Ибо что остается женщине, как не подчиниться? Для чего ей тело, если не рожать детей, силы, если не отдавать их детям и мужу, подателю жизни? Наконец-то она стала женщиной.
Она адресовала письмо в его клуб для пересылки его в Калькутту. Он получит письмо вскоре после того как приплывет, не позже чем недели через три по прибытии. И через месяц она получит ответ. И отправится в путь.
В Скребенском она была совершенно уверена. И думала лишь о сборах, платьях, которые надо сшить, и о том, как тихо и мирно провести время, остающееся до воссоединения с ним, когда ее личная история будет завершена. Долгое время она чувствовала умиротворенность и странный, неестественный покой. И в то же время от нее не укрылось, что внутри нее начинают сгущаться тучи нетерпения, грозящие хаосом. Она пыталась избежать этого, уклониться. Хорошо бы поскорее пришел ответ, путь ее определился и стало бы исполняться предначертанное. Ведь отвращение, вызывавшее в ней такой ужас, — это результат бездействия.
Как ни удивительно, но ее совершенно не заботило то обстоятельство, что он не написал ей раньше. Достаточно было ее письма. А долгожданный ответ она получит, вот и все.
Однажды, в начале октября, чувствуя, как в душе закипает безумие, она выскользнула под дождь, побродить — ей казалось, что в доме душно. Вокруг все было мокро и уныло, тускло поблескивали красным грязные, закопченные кирпичные дома, выступы их под мокрым лиловым сланцем крыш отсвечивали и казались алыми. Урсула направилась к Уилли-Грин. Подставляя лицо дождевым каплям, она быстро шла, видя промельки света через ложбину, где временами из тумана выплывали дымные шахты с их блескучими огнями, неподвластными хаосу дождя. А потом туманная пелена вновь затягивалась. Урсула была рада уютной уединенности дождя.
Свернув к роще, она разглядела за облаками бледное сверканье водной глади Уилли-Уотер и шла теперь по лугу, открытое пространство которого нарушали лишь кусты боярышника, струившиеся дождем и треплющиеся, как волосы на ветру, округлые кусты казались призраками, выступающими из тумана. Все это было великолепно — такая свобода и хаос.
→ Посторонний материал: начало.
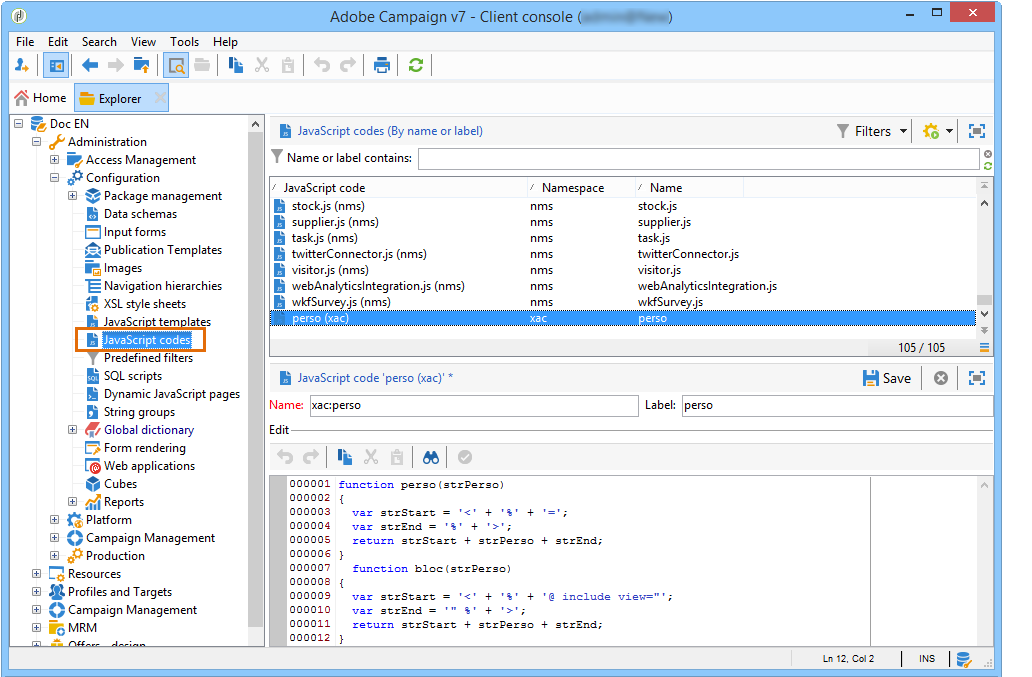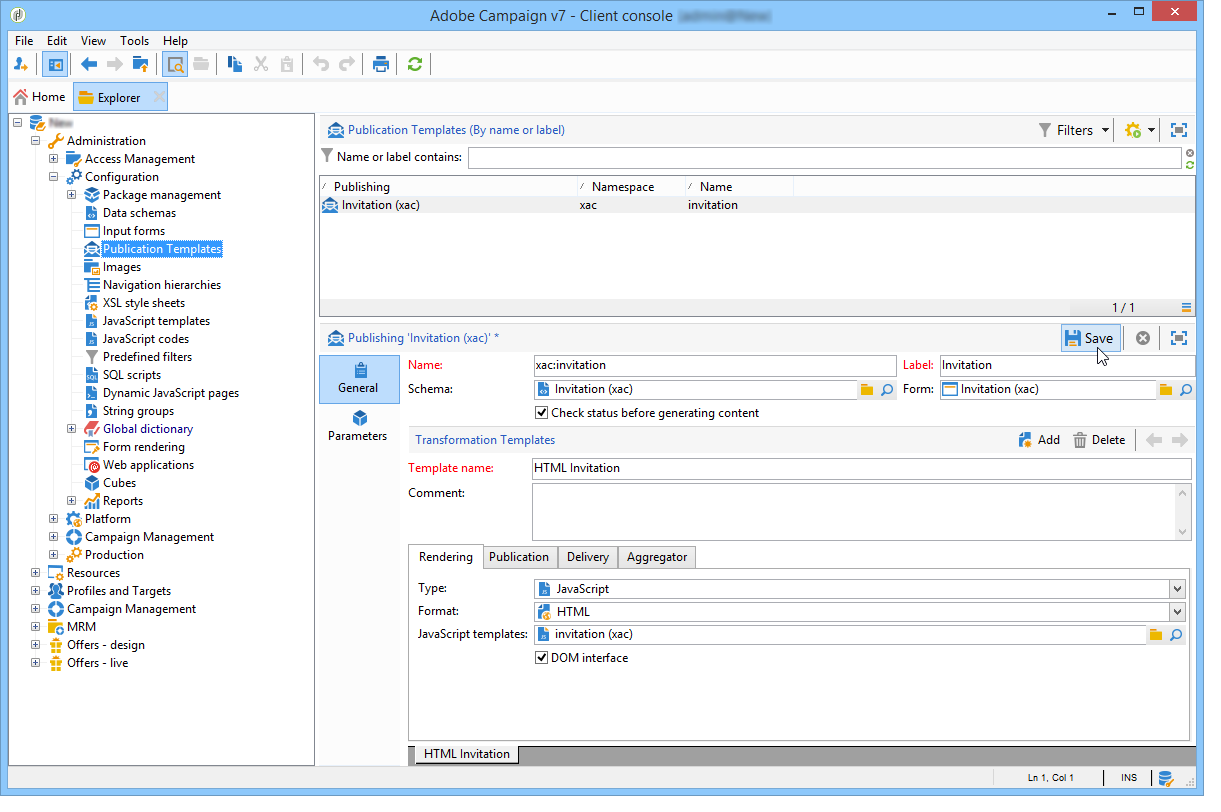 Adobe Campaign 탐색기를 열고 Administration > Configuration > JavaScript Templates 노드 아래에 있어야 합니다.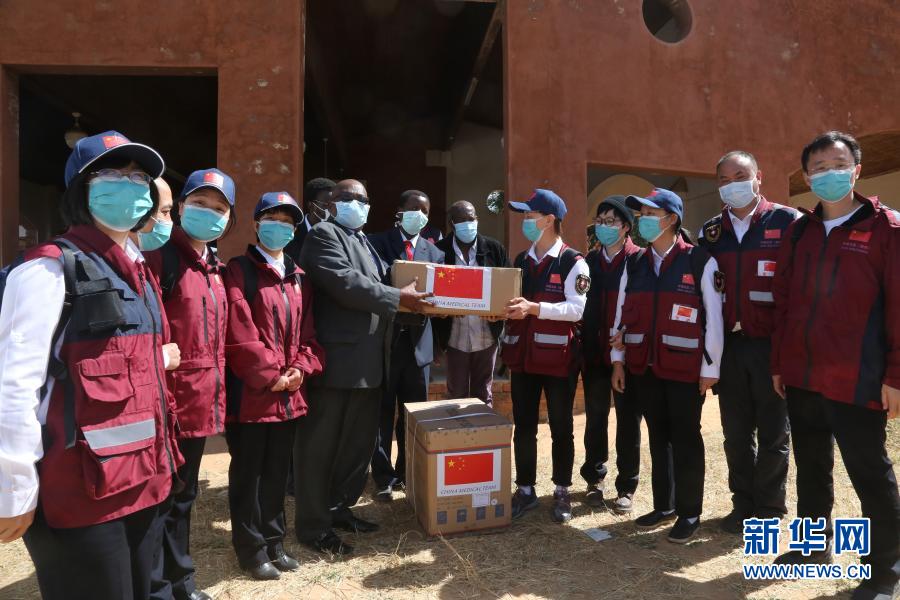 5 月 19 日,在津巴布韋中馬紹納蘭省的姆武爾維醫(yī)院,中國抗疫醫(yī)療專家組為當地醫(yī)療機構捐贈醫(yī)療物資。新華社記者 張玉亮 攝

Однако она поспешила укрыться в роще. Сильный неровный гул опустился ей на голову и охватил ее со всех сторон дрожью, древесные стволы очерчивали границу этого ужасного гула — мириады стволов, огромные, сочившиеся черными потоками влаги, устремлялись вверх колоннами, воздвигнутыми между этим гулом наверху и замкнутым пространством под ногами. Она со страхом скользнула между этими стволами. Ей казалось, что, повернувшись, они могут преградить ей путь, когда она будет проходить мимо их стройных и безмолвных воинских колонн.
Она все мелькала между стволами, храня призрачную надежду не быть замеченной. Она чувствовала себя птицей, нечаянно впорхнувшей в окно зала, где собрались и держат совет воины. И она неслась вдоль их суровых гулких рядов, спешила, чтобы не быть замеченной, пойманной, пока наконец, с бьющимся сердцем, не очутилась возле дальнего окна и не выпорхнула облегченно на яркую болотистую зелень просторного луга.
Дорога уперлась в общинный загон и, спрятавшись под крышу, она наблюдала оттуда, как медленно, волнообразно колышется пелена дождя, как катятся эти волны по пустынной равнине. Она совершенно промокла и была далеко от дома, а вокруг был только дождь с его волнообразным колыханием. Пора было пробираться назад, пускаться в обратный путь сквозь все эти неверные волны, назад, к устойчивости и надежной прочности.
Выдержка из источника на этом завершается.